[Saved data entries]

-- Opening Marker --

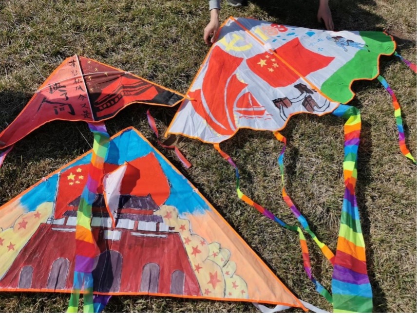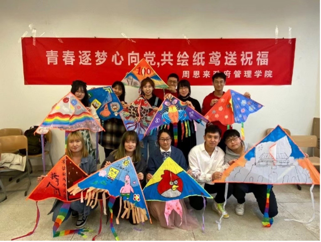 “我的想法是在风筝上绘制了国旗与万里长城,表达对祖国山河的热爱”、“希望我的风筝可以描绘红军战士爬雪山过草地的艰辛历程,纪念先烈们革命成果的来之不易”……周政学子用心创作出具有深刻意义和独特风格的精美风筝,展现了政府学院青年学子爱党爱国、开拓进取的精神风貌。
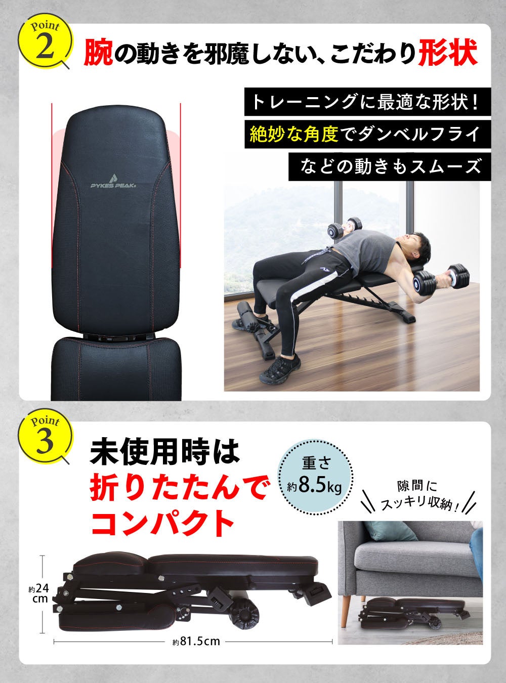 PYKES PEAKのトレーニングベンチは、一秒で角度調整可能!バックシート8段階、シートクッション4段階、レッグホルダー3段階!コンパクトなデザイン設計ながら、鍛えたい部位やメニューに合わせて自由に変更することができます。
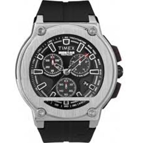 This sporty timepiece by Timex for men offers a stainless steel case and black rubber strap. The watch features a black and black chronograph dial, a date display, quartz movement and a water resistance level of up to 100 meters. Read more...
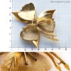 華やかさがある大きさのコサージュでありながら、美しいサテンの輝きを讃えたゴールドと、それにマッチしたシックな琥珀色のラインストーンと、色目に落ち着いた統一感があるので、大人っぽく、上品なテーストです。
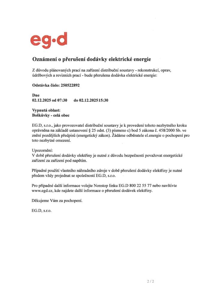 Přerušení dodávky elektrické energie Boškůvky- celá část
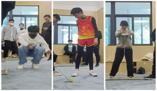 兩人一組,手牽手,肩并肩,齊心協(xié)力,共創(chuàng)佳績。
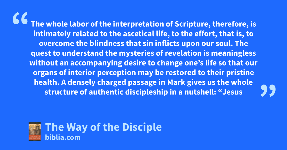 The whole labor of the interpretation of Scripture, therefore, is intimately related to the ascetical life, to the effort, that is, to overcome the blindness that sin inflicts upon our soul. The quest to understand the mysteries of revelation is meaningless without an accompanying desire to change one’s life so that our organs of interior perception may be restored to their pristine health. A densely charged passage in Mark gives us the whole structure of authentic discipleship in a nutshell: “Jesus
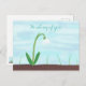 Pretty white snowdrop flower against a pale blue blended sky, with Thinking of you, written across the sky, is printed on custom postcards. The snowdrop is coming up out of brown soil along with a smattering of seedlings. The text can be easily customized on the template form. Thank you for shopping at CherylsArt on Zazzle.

-- Closing Marker --

Return exactly the lines from the one with "兩人一組,手牽手,肩并肩,齊心協(xié)力,共創(chuàng)佳績。" through the last line of the entries above, both ends included. No pictures may appear in the copy.

 兩人一組,手牽手,肩并肩,齊心協(xié)力,共創(chuàng)佳績。
 The whole labor of the interpretation of Scripture, therefore, is intimately related to the ascetical life, to the effort, that is, to overcome the blindness that sin inflicts upon our soul. The quest to understand the mysteries of revelation is meaningless without an accompanying desire to change one’s life so that our organs of interior perception may be restored to their pristine health. A densely charged passage in Mark gives us the whole structure of authentic discipleship in a nutshell: “Jesus
 Pretty white snowdrop flower against a pale blue blended sky, with Thinking of you, written across the sky, is printed on custom postcards. The snowdrop is coming up out of brown soil along with a smattering of seedlings. The text can be easily customized on the template form. Thank you for shopping at CherylsArt on Zazzle.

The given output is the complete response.